Segment Open
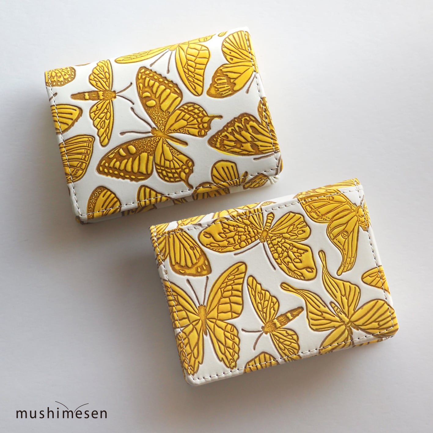 虫アートディレクタームシメセンが蝶を描きデザインした「蝶と蛾の夢」の両面小銭入れ(キイロ)です。
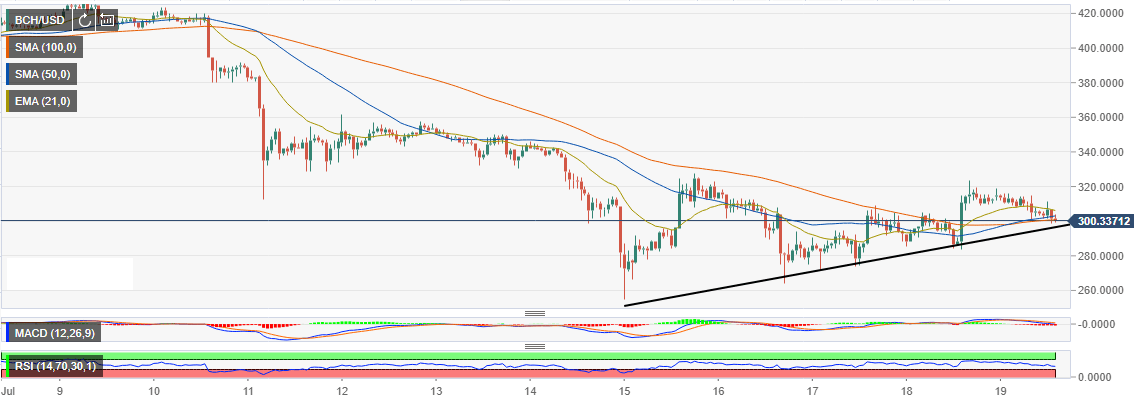 At the time of press, Bitcoin Cash is struggling to hold on to $300. This comes after the price lost ground from the critical resistance at $320. The 100 Simple Moving Average (SMA)1-h is trying to offer support. The immediate upside is limited by the 50 SMA 1-h. More resistance is also coming from the 100 Exponential Moving Average (EMA) currently at $306.45.
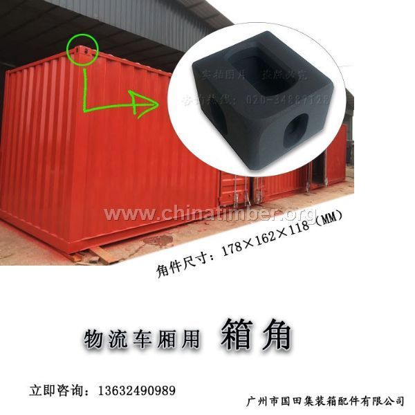 物流车厢用箱角 产品类别:集装箱配件 产品名称:物流车厢箱角 产品符合标准:ISO-1161国际标准 材质:专用铸钢 规格: 178×162×118(mm) 重量:10.8-11KG/个
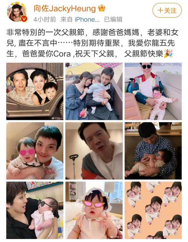 初为人父的向佐今天一早就迫不及待地发微博和大家分享了父亲节的快乐,不仅晒了自己和宝贝女儿的合照还有自己与父亲向华强的视频,去年也是发了自己与父亲的合照,浓浓父子情让人感动。
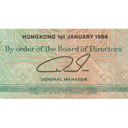 Revers : Statues des deux lions situés à l'entrée du bâtiment principal de HSBC à Hong Kong, au centre bâtiment principal de HSBC (quatrième siège de HSBC à Hong Kong construit en 1985), à droite jonque et cargo moderne
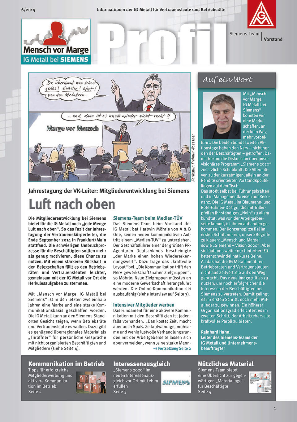 Profil, Informationen der IG Metall für Vertrauensleute und Betriebsräte von Siemens, 6/2014
Segment Closed
> _TASK TO CARRY OUT_:
Pictures stay out. Return exactly the lines from the one with "Revers : Statues" through the last line of the data.

> _WRITTEN REPLY_:
 Revers : Statues des deux lions situés à l'entrée du bâtiment principal de HSBC à Hong Kong, au centre bâtiment principal de HSBC (quatrième siège de HSBC à Hong Kong construit en 1985), à droite jonque et cargo moderne
 Profil, Informationen der IG Metall für Vertrauensleute und Betriebsräte von Siemens, 6/2014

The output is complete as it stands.